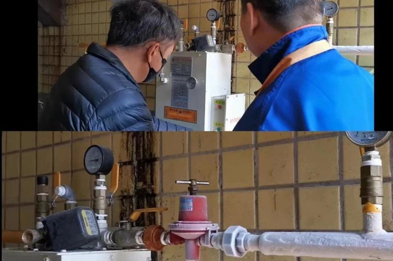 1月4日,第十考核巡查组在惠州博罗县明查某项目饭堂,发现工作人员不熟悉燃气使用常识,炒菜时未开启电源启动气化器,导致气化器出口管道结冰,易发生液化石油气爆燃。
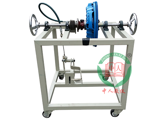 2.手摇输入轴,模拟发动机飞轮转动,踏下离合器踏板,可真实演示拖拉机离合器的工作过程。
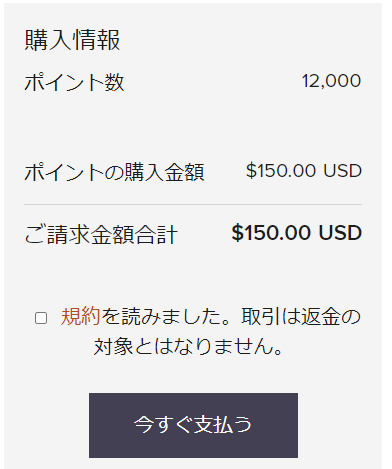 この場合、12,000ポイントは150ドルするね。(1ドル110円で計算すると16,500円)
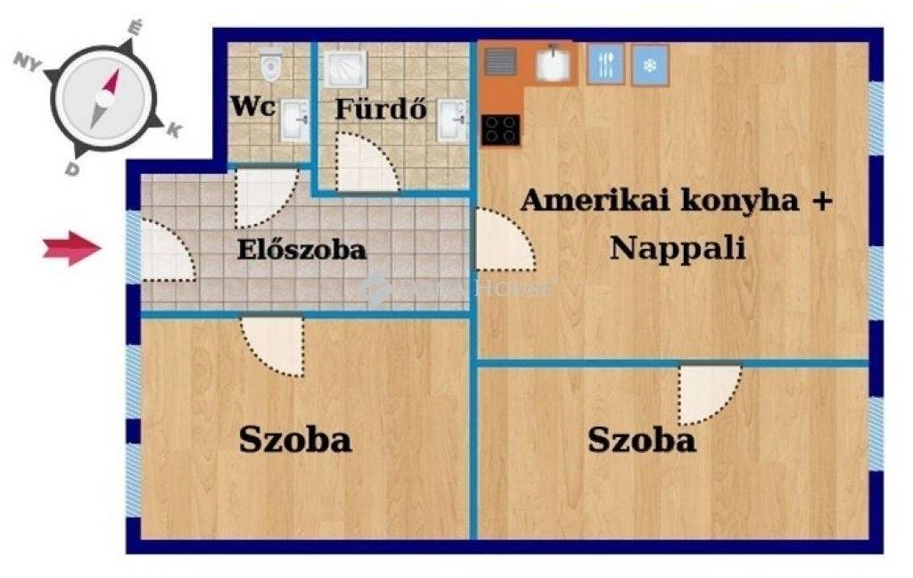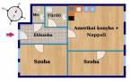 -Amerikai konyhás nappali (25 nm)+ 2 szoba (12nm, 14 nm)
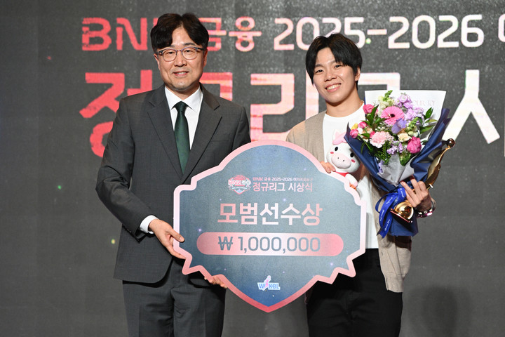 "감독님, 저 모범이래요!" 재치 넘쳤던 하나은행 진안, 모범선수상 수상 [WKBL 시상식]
===
## [ASSIGNMENT]
Give back the whole listing exactly as it stands. Drop every picture.

## [OUTPUT FOR THIS EXERCISE]
 1月4日,第十考核巡查组在惠州博罗县明查某项目饭堂,发现工作人员不熟悉燃气使用常识,炒菜时未开启电源启动气化器,导致气化器出口管道结冰,易发生液化石油气爆燃。
 2.手摇输入轴,模拟发动机飞轮转动,踏下离合器踏板,可真实演示拖拉机离合器的工作过程。
 この場合、12,000ポイントは150ドルするね。(1ドル110円で計算すると16,500円)
 -Amerikai konyhás nappali (25 nm)+ 2 szoba (12nm, 14 nm)
 "감독님, 저 모범이래요!" 재치 넘쳤던 하나은행 진안, 모범선수상 수상 [WKBL 시상식]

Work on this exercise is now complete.